When I wrote a take about how I'm different from other women, people took it the wrong way. They thought I was bragging and telling people I feel I'm special, but I wasn't and I don't. It's quite the opposite. Whether people admit it or not, there's things in this world that bond people together. Things that help them connect and relate to each other. Things that bond men with other men and things that bond women with other woman. So, if none of the those typical things that bond the genders together, applies to you then you are considered an outsider and looked at differently. You can pretend it's not true but I know from personal experience, it is.



Everything I am, everything I'm not, everything I do, everything I don't do and everything I wish to be, someone has a negative thing to say about it and people treat me in a negative way.

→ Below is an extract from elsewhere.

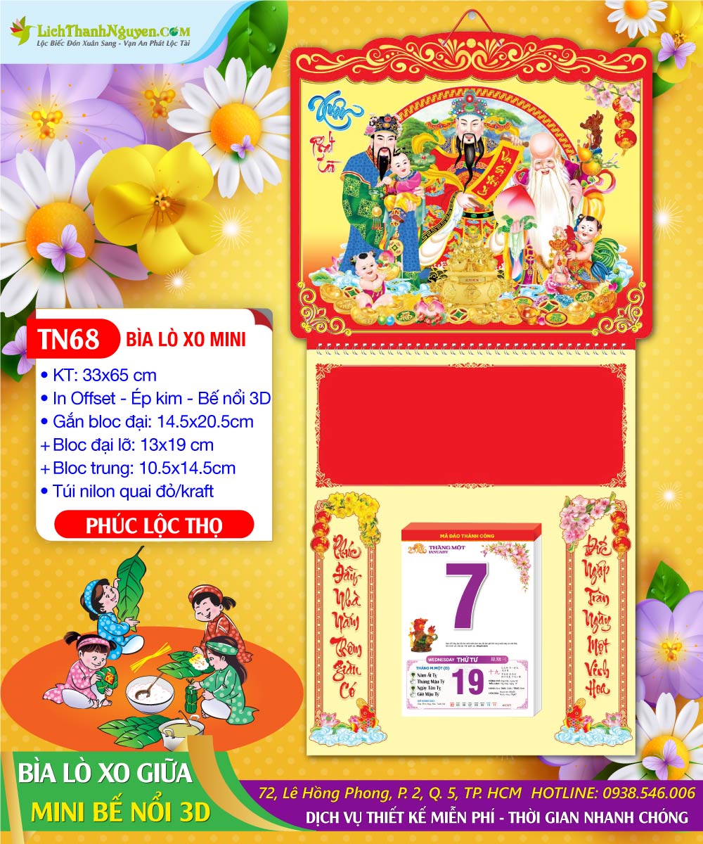Mã Số: TN68 | Bìa Lò Xo Mini (33×65) Bế Nổi – Phúc Lộc Thọ

I don't drink, that's a problem for people. I don't swear, that' a problem for people. I'm shy, quiet and a loner, that's a problem for people. Heck, even me being bullied is a problem for people and apparently considered to be my fault. So, I don't just feel like an outsider but people treat like I'm one.



Even at family events, I have a hard time connecting and relating and that's my own family. I sit there watching everyone talk, laugh and bond together. And, all I want to do is go home and cry because I don't have that kind of connection with anyone. It's hard, it hurts and I wish I could handle it better. I wish I felt I belonged but I don't .



I don't have a whole lot of experience, in a lot of things but from the experience I do have and the things I've observed. People don't like people who aren't like them and we can pretend like that's not true, but it is. If it wasn't, people wouldn't make judgements, assumptions or rude unneccessary comments about people who don't fit the typical social norm of how a person should be, how they should look, what they should be doing by a certain age or what they should like. But, they do because different isn't accept.



Isn't that why people on here tell you "don't say you're different" because they know that means you're not like the rest and nobody likes that? There is a social standard of what's acceptable and what's not, so when you say you're different or feel like an outsider. It's because you are, whether people admit that or not.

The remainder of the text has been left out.